3.1 NaVs Preparation and Characterization
DOPE and CpG ODN were covalently linked using SPDP as the crosslinking agent. Successful synthesis of DOPE-S-S-CpG ODN was confirmed by agarose gel electrophoresis (Figure S1). The resulted DOPE-S-S-CpG ODN and OVA (as model antigen) self-assembled forming into NaVs. The morphology of NaVs was characterized by TEM and the image showed the formulations were uniform nanocapasules (Fig. 1A). The diameter of NaVs determined by dynamic light scattering (DLS) was 192.4 ± 0.66 nm, while the blank nanocapsule without OVA (named as SNCs) was 138.2 ± 0.90 nm (Fig. 1B and Table S1). And the size of NaVs remained stable in PBS solution for 45 days approximately (Fig. 1C). The loading capacity of OVA in NaVs determined by an Enhanced-BCA Protein Assay Kit was (26.4 ± 0.77) %. OVA had a burst release of 30% from NaVs during the first two days under conditions that mimic intracellular reducing environment (4 mM DTT in 7.4 pH buffer) and followed with a controlled release reaching about 65% in 25 days, which was faster than the release behavior of OVA (44.99 ± 1.69) % in the condition without DTT (Fig. 1D), indicating the NaVs did possess the redox-responsive property allowing antigens quick release after uptake into cells, and the nanovaccines could provide strong initial antigens stimuli and long-term sustained antigens exposure to immune cells which was important for eliciting powerful immune responses.
3.2 Immunization Studies in vitro
3.2.1 Cytotoxicity Assessment
The cell viability of BMDCs treated with NaVs at various concentrations were assessed by CCK-8 assay. According to the experimental result, even when the concentration of OVA was up to 60 µg/ml, cell viability remained high (102.1 ± 5.77) %, which demonstrated that these nanovaccines showed excellent safety to BMDCs (Fig. 2A).
3.2.2 Endocytosis Mechanism of NaVs
We next investigated antigen uptake capacity of NaVs. After co-incubated with free FITC-OVA or NaVs for 8 h respectively, images taken with confocal fluorescence microscopy showed that much more significant OVA signal appeared in BMDCs treated with NaVs than free OVA group.

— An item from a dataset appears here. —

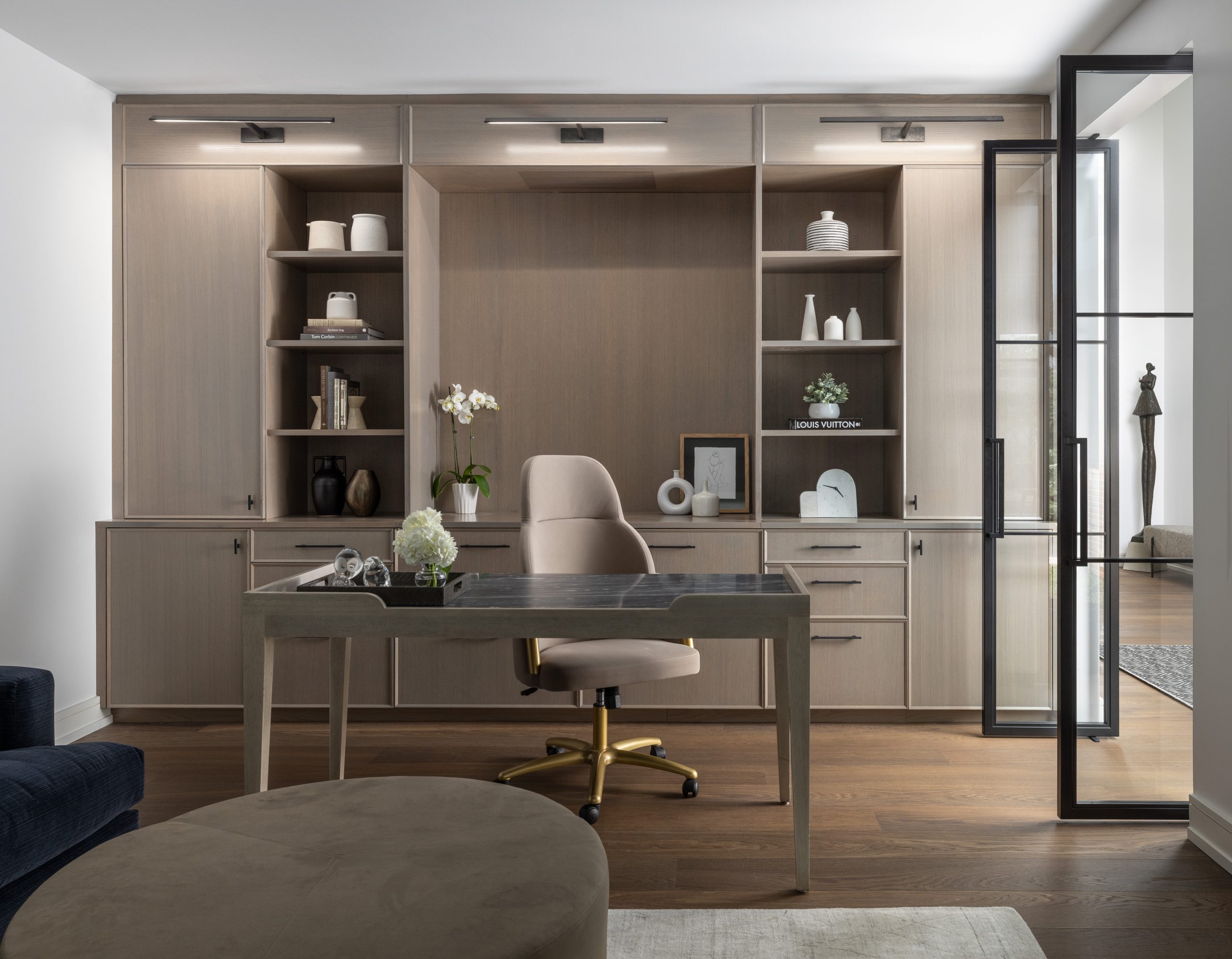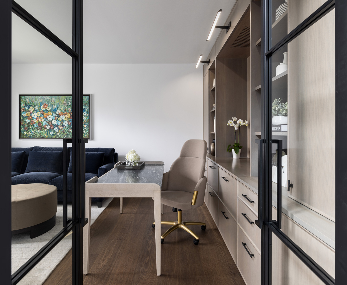 Privacy came in the way of Weldworks custom glass doors with black iron, which allowed for shutting out the world when work and conference calls were happening. A custom built-in wall unit using Conestoga Wood’s Aspen door style in white rift cut oak along the back wall included hanging file storage, electrical outlets within the closed cabinets, Schaub & Co. Quadrato matte black knobs and pulls, and ample storage. The large central panel remained open to serve as a backdrop for custom artwork. In addition, large linear picture lights from Visual Comfort are installed in the upper portion of the unit to provide ambient lighting.

Fluorescence analysis of representative image using Image J software indicated that the mean fluorescence intensity (MFI) of OVA in NaVs group far exceeded that in free OVA group, which was enhanced about 6-fold. The results of the flow cytometry also demonstrated that NaVs facilitated uptake of antigens in BMDCs (93.0% vs 17.3%) (Fig. 2B-D).

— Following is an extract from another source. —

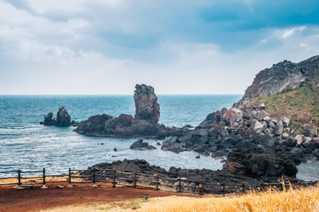 Seopjikoji sea and rock formation in Jeju Island, Korea

Although Chad A. Mirkin et al. reported that high density oligonucleotides on the surface of nanoparticles could bind scavenger receptors on the surface of macrophages and promote nanoparticles uptake into macrophages [10], in an attempt to further explore the endocytic pathways and investigate the mechanism of nanoparticles uptake in DCs which is important for initiating immune responses for vaccines, we pretreated BMDCs with methyl-β-cyclodextrin (MBCD), chlorpromazine (CPM) and fucoidan (FCD), respectively. MBCD can remove cholesterol from the cell membrane effectively inhibiting caveolin-dependent endocytosis, CPM can block the formation of clathrin-coated pits, while FCD is a pharmacological inhibitor of class A scavenger receptor (SR-A) [15–18]. As shown in Fig. 2E and 2F, compared to untreated cells, FCD led to a drastic reduction of antigens uptake of NaVs (dropped up to 5.2%), MBCD reduced the uptake of cells to 36.0%, while CPM caused an uptake decrease to 24.9%. All the data suggested that NaVs internalized into BMDCs through multiple receptor-mediated endocytosis pathways, but mainly mediated by SR-A. Taken together, NaVs constructed with the conjugate of adjuvants CpG ODN and biomimetic materials DOPE having a "3D" structure could load antigens in the cavity of nanocapsules as vaccine delivery nanocarriers, and the high density nucleotides on the surface of nanocapsules could bind the various receptors on the surface of BMDCs and promote antigens endocytosis circumventing the drawbacks of free antigens, which in turn facilitated CpG ODN interaction with TLR9 receptor in endosomes and activated antigen presenting cells [19–25].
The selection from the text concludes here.